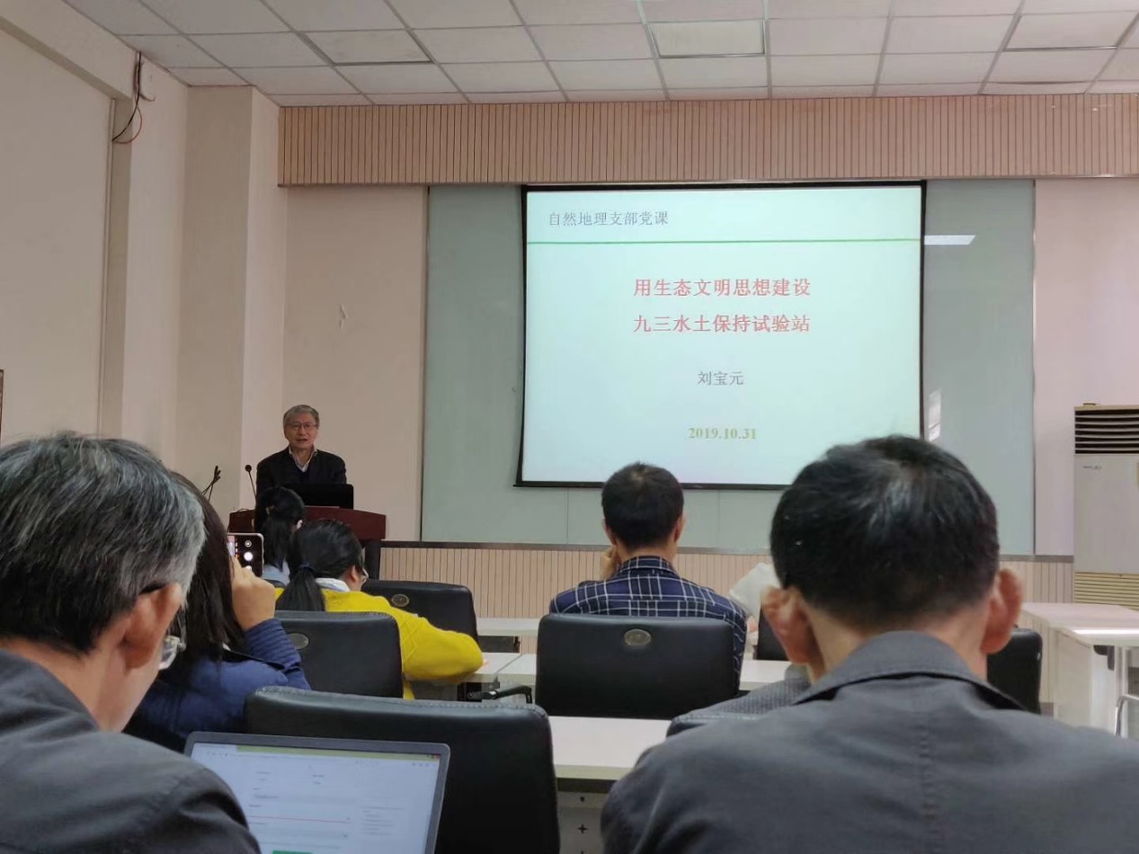2019年10月31日,直播自慰 自然地理党支部在生地楼148会议室开展“不忘初心,牢记使命”主题党日活动,由直播自慰 教授、黑龙江鹤山九三水土保持试验站站长刘宝元同志为大家讲授“用生态文明思想建设九三水土保持试验站”主题讲座,活动同时得到了地表综合党支部,遥感科学与工程党支部,地图学与地理信息系统党支部,人文地理与地理教育党支部,减灾与应急管理党支部,生态水文、水资源和中药资源党支部,以及研究生第三党支部的大力支持。
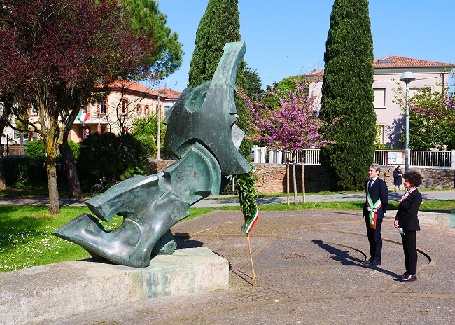 RIMINI – “È il 25 aprile che non avremmo mai voluto perché per la prima volta in 75 anni non ci vede scendere in piazza, riempire insieme le bellissime piazze d’Italia, a onorare persone e a diffondere un messaggio collettivo di libertà. – ha detto il Sindaco di Rimini Andrea Gnassi che col Prefetto Alessandra Camporota questa mattina, a nome della comunità riminese ha reso omaggio, in occasione del 75° anniversario della Liberazione d’Italia, a tutti i caduti della seconda Guerra mondiale e della Resistenza con la deposizione di corone d’alloro prima al Monumento alla Resistenza di parco Cervi dei Caduti e poi al Monumento ai Caduti per la Libertà di piazza Tre Martiri -.”
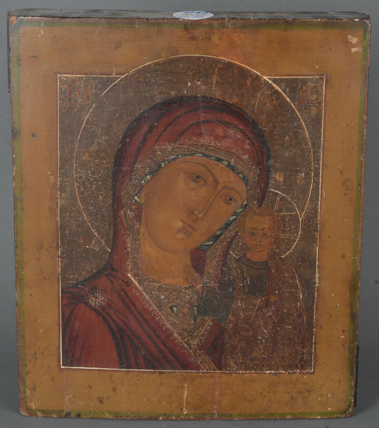 - Katalog-Nr: 1782Ikone mit der Muttergottes. Russland 19. Jh. Massivholz, auf Kreidegrund farbig bemalt, 32 x 26,5 cm.o.L.
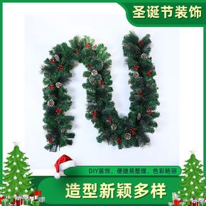 圣诞节装饰藤条花环圣诞树加密松针藤条装饰品场景布置...
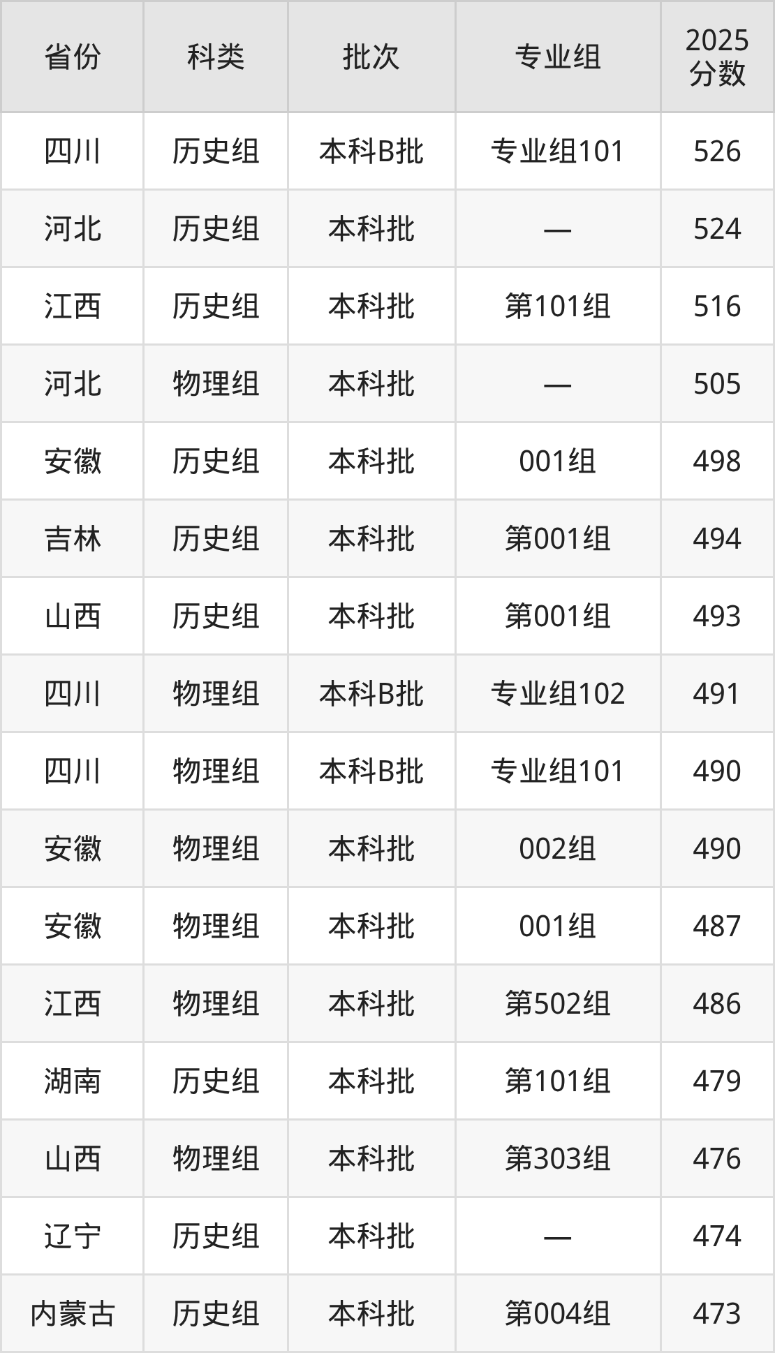 2025年朝阳师范学院在全国普通批次招生的录取分数范围位于150~526分之间,其中省内分数范围为275分~474分,物理组考生275分即可报考,历史组考生340分即可报考。
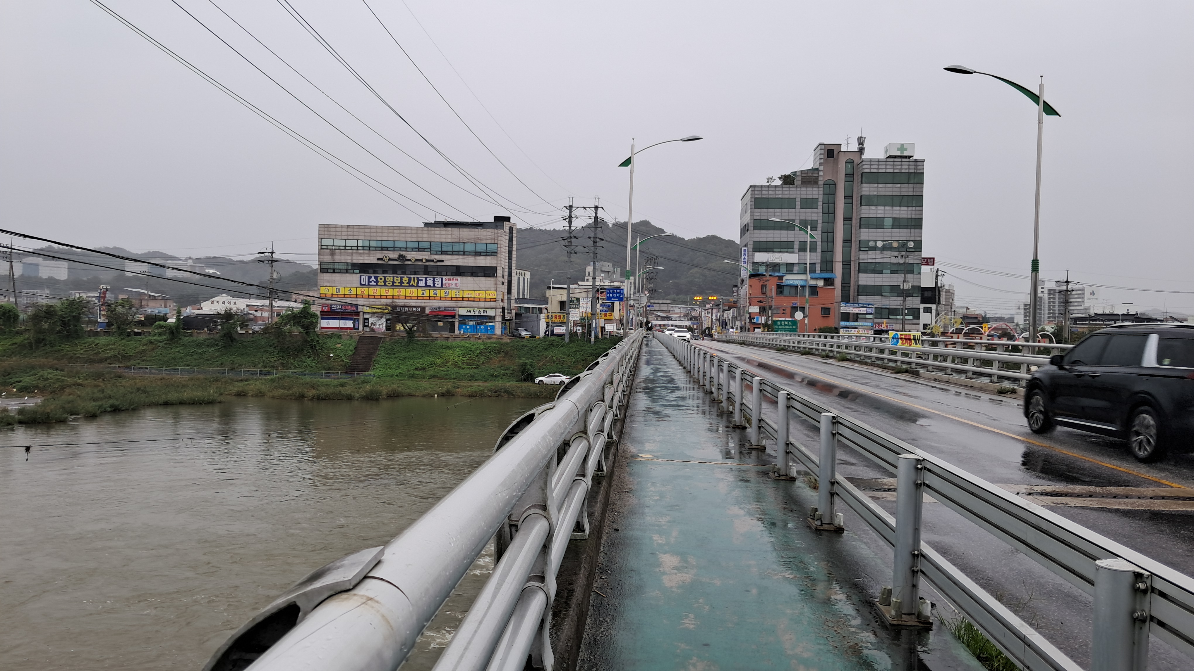 우산을 쓰고 이제 눈앞에 있는 청미교를 향해 갑니다.
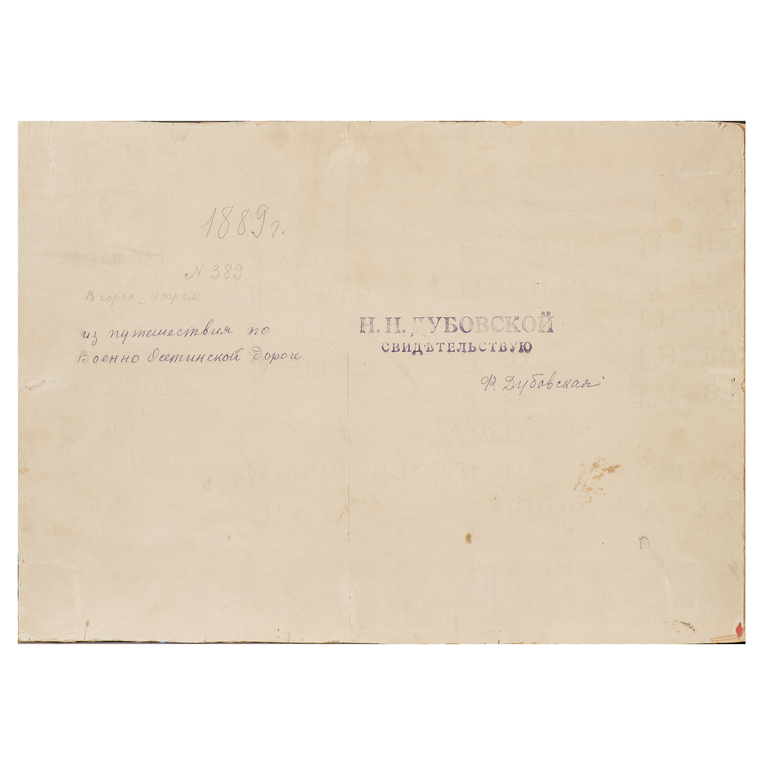 Бумага на картоне, масло, на тыльной стороне дублировочного картона дата «1889 г.», а также печать, подпись Ф. Дубовской – жены художника – и надпись: «В горах утром. Из путешествия по Военно Осетинской дороге», Николай Никанорович Дубовской (1859-1918), Россия, 1889 год, размер (в/ш): 31,5 х 33,5 см, в раме: 55,5 х 66 см. Сопровождается заключением Государственного Русского Музея
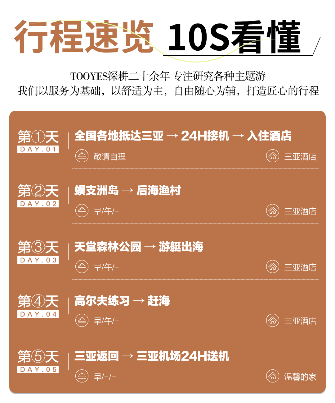 03、特别提示:部分景区由于交通工具的特殊性,故对旅游者的年龄和身体条件有相应的要求。如岛屿类(蜈支洲岛)景区规定70岁以上及行动不便游客(包括孕妇)需填写景区的免责声明方可登船上岛;70周岁以上老年人出于安全考虑,景区不予接待(我社按团队采购成本价格予以退费),敬请知晓。
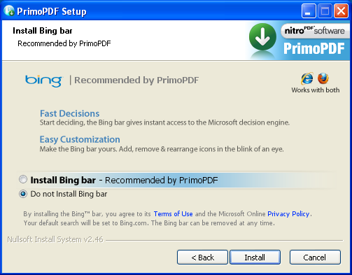 After agreeing to the End User License Agreement, it will ask if you want to install the Bing toolbar on your web browsers. Of course, you don’t need this toolbar so just say no.
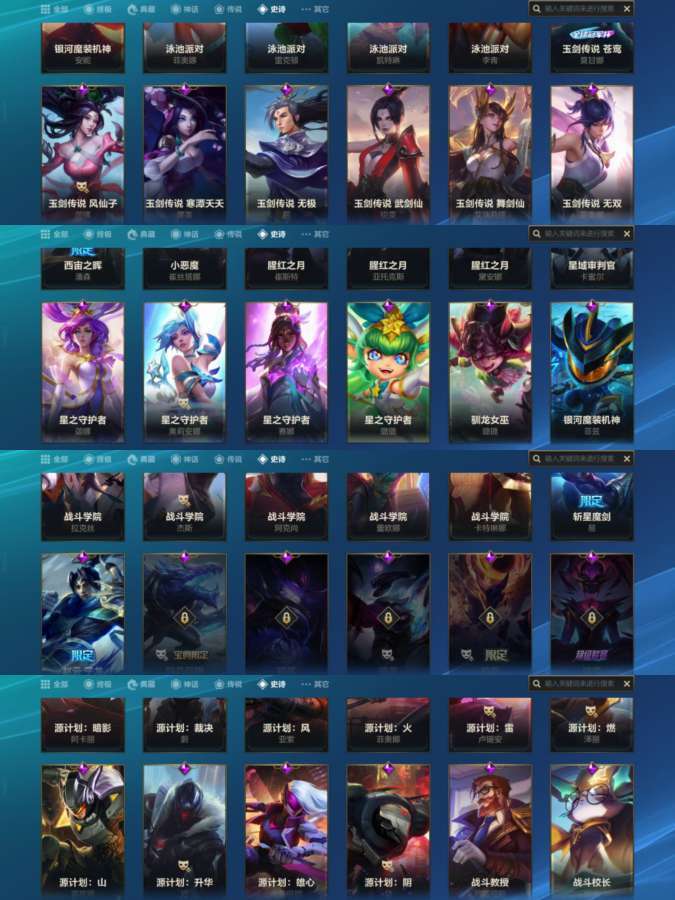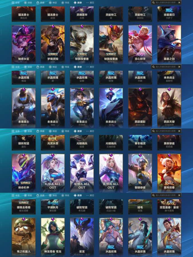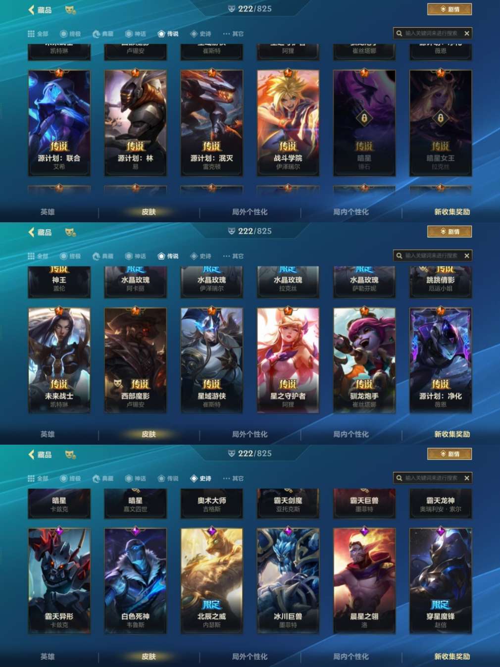222皮 28传说 水晶玫瑰系列差两个 掠星魔刃 系列有 卡萨丁 剑圣 赵信 赵子龙 赵信 牛年限定全有 北辰之威 西宙之辉 其他皮肤自己看截图 毁号行为涉及毁坏虚拟财产罪及计算机安全罪,请文明游戏素质游戏,让我们共建美好租号平台!

Exercise goal:
Exclude the pictures and repeat the entries word for word.

Answer box:
2019年10月31日,直播自慰 自然地理党支部在生地楼148会议室开展“不忘初心,牢记使命”主题党日活动,由直播自慰 教授、黑龙江鹤山九三水土保持试验站站长刘宝元同志为大家讲授“用生态文明思想建设九三水土保持试验站”主题讲座,活动同时得到了地表综合党支部,遥感科学与工程党支部,地图学与地理信息系统党支部,人文地理与地理教育党支部,减灾与应急管理党支部,生态水文、水资源和中药资源党支部,以及研究生第三党支部的大力支持。
 RIMINI – “È il 25 aprile che non avremmo mai voluto perché per la prima volta in 75 anni non ci vede scendere in piazza, riempire insieme le bellissime piazze d’Italia, a onorare persone e a diffondere un messaggio collettivo di libertà. – ha detto il Sindaco di Rimini Andrea Gnassi che col Prefetto Alessandra Camporota questa mattina, a nome della comunità riminese ha reso omaggio, in occasione del 75° anniversario della Liberazione d’Italia, a tutti i caduti della seconda Guerra mondiale e della Resistenza con la deposizione di corone d’alloro prima al Monumento alla Resistenza di parco Cervi dei Caduti e poi al Monumento ai Caduti per la Libertà di piazza Tre Martiri -.”
 - Katalog-Nr: 1782Ikone mit der Muttergottes. Russland 19. Jh. Massivholz, auf Kreidegrund farbig bemalt, 32 x 26,5 cm.o.L.
 圣诞节装饰藤条花环圣诞树加密松针藤条装饰品场景布置...
 2025年朝阳师范学院在全国普通批次招生的录取分数范围位于150~526分之间,其中省内分数范围为275分~474分,物理组考生275分即可报考,历史组考生340分即可报考。
 우산을 쓰고 이제 눈앞에 있는 청미교를 향해 갑니다.
 Бумага на картоне, масло, на тыльной стороне дублировочного картона дата «1889 г.», а также печать, подпись Ф. Дубовской – жены художника – и надпись: «В горах утром. Из путешествия по Военно Осетинской дороге», Николай Никанорович Дубовской (1859-1918), Россия, 1889 год, размер (в/ш): 31,5 х 33,5 см, в раме: 55,5 х 66 см. Сопровождается заключением Государственного Русского Музея
 03、特别提示:部分景区由于交通工具的特殊性,故对旅游者的年龄和身体条件有相应的要求。如岛屿类(蜈支洲岛)景区规定70岁以上及行动不便游客(包括孕妇)需填写景区的免责声明方可登船上岛;70周岁以上老年人出于安全考虑,景区不予接待(我社按团队采购成本价格予以退费),敬请知晓。
 After agreeing to the End User License Agreement, it will ask if you want to install the Bing toolbar on your web browsers. Of course, you don’t need this toolbar so just say no.
222皮 28传说 水晶玫瑰系列差两个 掠星魔刃 系列有 卡萨丁 剑圣 赵信 赵子龙 赵信 牛年限定全有 北辰之威 西宙之辉 其他皮肤自己看截图 毁号行为涉及毁坏虚拟财产罪及计算机安全罪,请文明游戏素质游戏,让我们共建美好租号平台!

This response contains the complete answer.